Do RPPs and RRSPs act as substitutes for one another in retirement savings patterns? At first glance, this appears to be so, based on a new study released this week by Statistics Canada. The big finding is that workers who are self-directed savers benefit less than their co-workers who don’t tend to save enough for retirement when RPP contributions automatically increase.
As a result, pre-retirees and their tax and financial advisors may wish to take a greater interest in changes to employer-sponsored pension plans, in measuring savings capacity for other vehicles such as RRSPs or TFSAs.
Among workers with annual earnings near the Canadian average, a $1.00 automatic increase in Registered Pension Plan (RPP) contributions results in an average reduction in Registered Retirement Savings Plan (RRSP) contributions of $0.55. The net result is that the sum of RPP and RRSP contributions increased by an average of $0.45 across workers with different propensities to save.
So, it can be concluded that assisted or compulsory retirement savings programs at work increase net savings for workers who save the least on their own.
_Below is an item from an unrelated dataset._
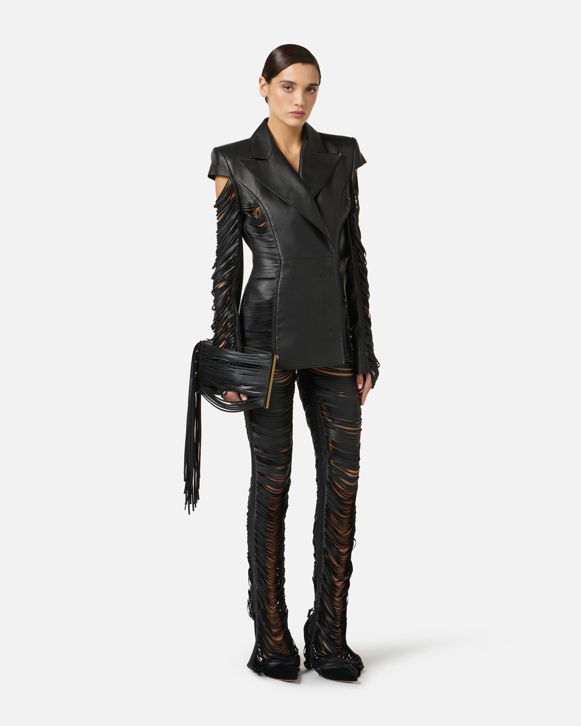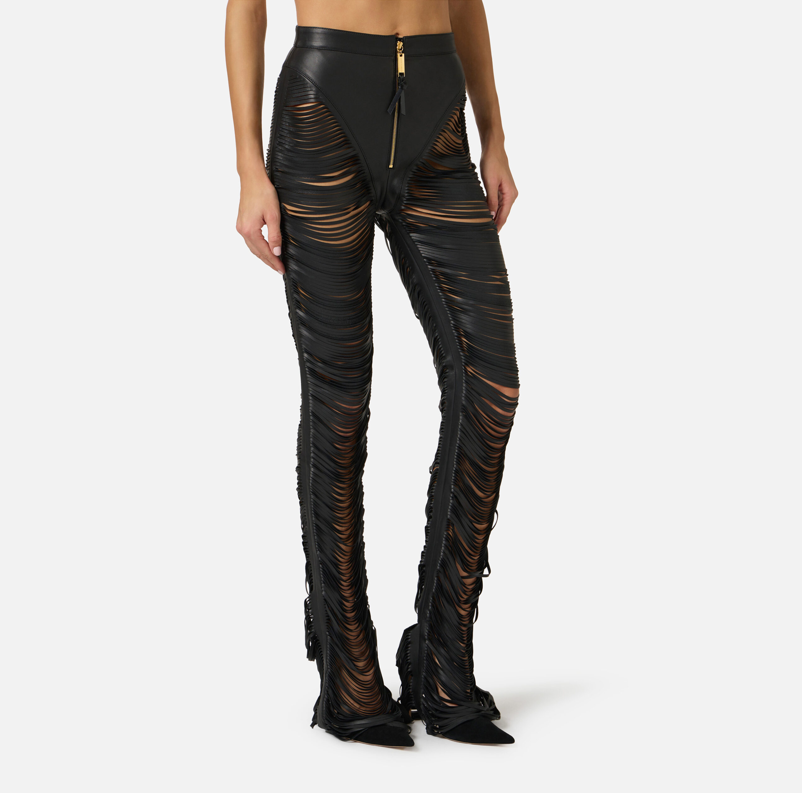 Pantalón de napa. El modelo destaca por la textura con flecos insertados en los cortes, que caen suavemente creando originales efectos de volumen y tridimensionalidad. Talla regular.

But for regular savers, increases in RPPs direct savings away from other vehicles; in other words, the extra money going into an employer assisted plan simply redirected money that would have gone to self-directed savings. The study did not comment on how an automatic increase in RPP savings affected other savings opportunities, like the TFSA.
This is interesting financial behavior. Is there an actual cash flow limit – when increased compulsory savings are implemented – that thwarts other savings opportunities which may have better benefited the client in the future – tax free savings in a TFSA, for example? Tax and financial advisors and their clients who are concerned about the level of tax free retirement savings their clients can accumulate for the future may want to take note of this in start-of-year investment and retirement planning.
In the meantime, to begin the deliberations on how and where to save before the end of the year and in 2016, both independent savers and advisors may wish to weigh in on this month’s opinion poll at Knowledge Bureau on the issue, too. The question is: “Should Canadians top up their TFSA before maximizing their RRSP contribution room, as TFSA maximum contribution limits will now be capped at $5500 for 2016?”
Averaging savings into and out of the right buckets – both before and after retirement – is the objective of astute long term retirement planning. The opportunity is to save with purchasing power – after taxes, inflation and fees. A great relationship with the right questions of tax and financial advisors, beginning with the annual tax filing routine that’s just around the corner. Engaging with a professional who has a designation in Real Wealth Management™ can embellish richly on those conversations.
Best wishes for a peaceful and joyous holiday season.